A local company on Wednesday initiated a project to treat rain water and to maintain sewage stations in Basra province at a cost of almost one billion Iraqi dinars, an official source said.
“The project includes rehabilitation work on rain water networks to prevent flooding during winter…,” an official source from Basra’s sewage department, Engineer Hazem Mohammed, told Aswat al-Iraq
“The project will be financed by Basra’s reconstruction and services support committee and supervised by the local sewage department,” Mohammed noted, adding that the scheduled completion period is four months.
The committee, presided over by the minister of state for parliamentary affairs, Safaa al-Din al-Safi, was set up in synchronization with the commencement of Operation Saulat al-Fursan (Knights’ Assault) in late March.
Basra, 590 km (340 miles) south of the Iraqi capital Baghdad, has an estimated metropolitan population of 2,300,000 in 2008.
Basra, a Shiite province with 20 percent of the population are Sunnis, is the cradle of the first civilization of Sumer. It has the seven main Iraqi ports.
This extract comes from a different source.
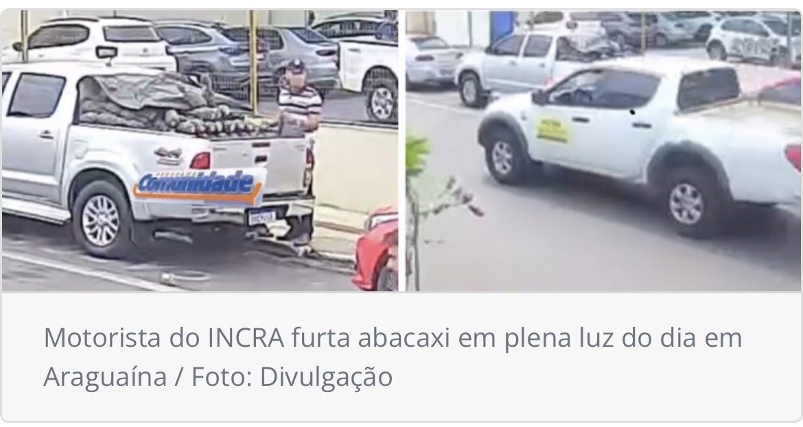 Um servidor do Instituto Nacional de Colonização e Reforma Agrária (INCRA) foi filmado subtraindo um abacaxi de um vendedor ambulante no centro de Araguaína (TO) na tarde desta quinta-feira (13/11). As imagens, divulgadas em redes sociais e por câmeras de segurança de estabelecimentos da região publicado no Portal AF Notícias, mostram a ação em plena luz do dia na esquina da Rua 7 de Setembro com a Rua das Mangueiras.
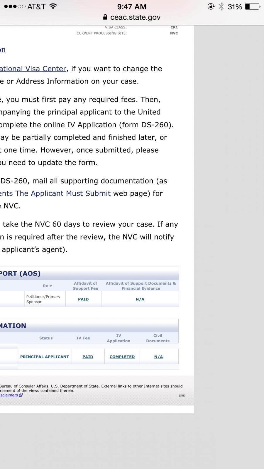 02/13/2015 - Got an email with NVC Welcome letter and AOS Invoice

The first built in Islam 14 A.H. (After Hegira), the city played an important role in early Islamic history.
The area surrounding Basra has substantial petroleum resources and many oil wells. The city’s oil refinery has a production capacity of about 140,000 barrels per day (bpd).
The only Iraqi outlet to the sea, Basra is in a fertile agricultural region, with major products including rice, maize corn, barley, pearl millet, wheat and dates as well as livestock.
A network of canals flowed through the city, giving it the nickname “The Venice of the Middle East” at least at high tide.
The only Iraqi outlet to the sea, Basra has the commercial ports of Iraq.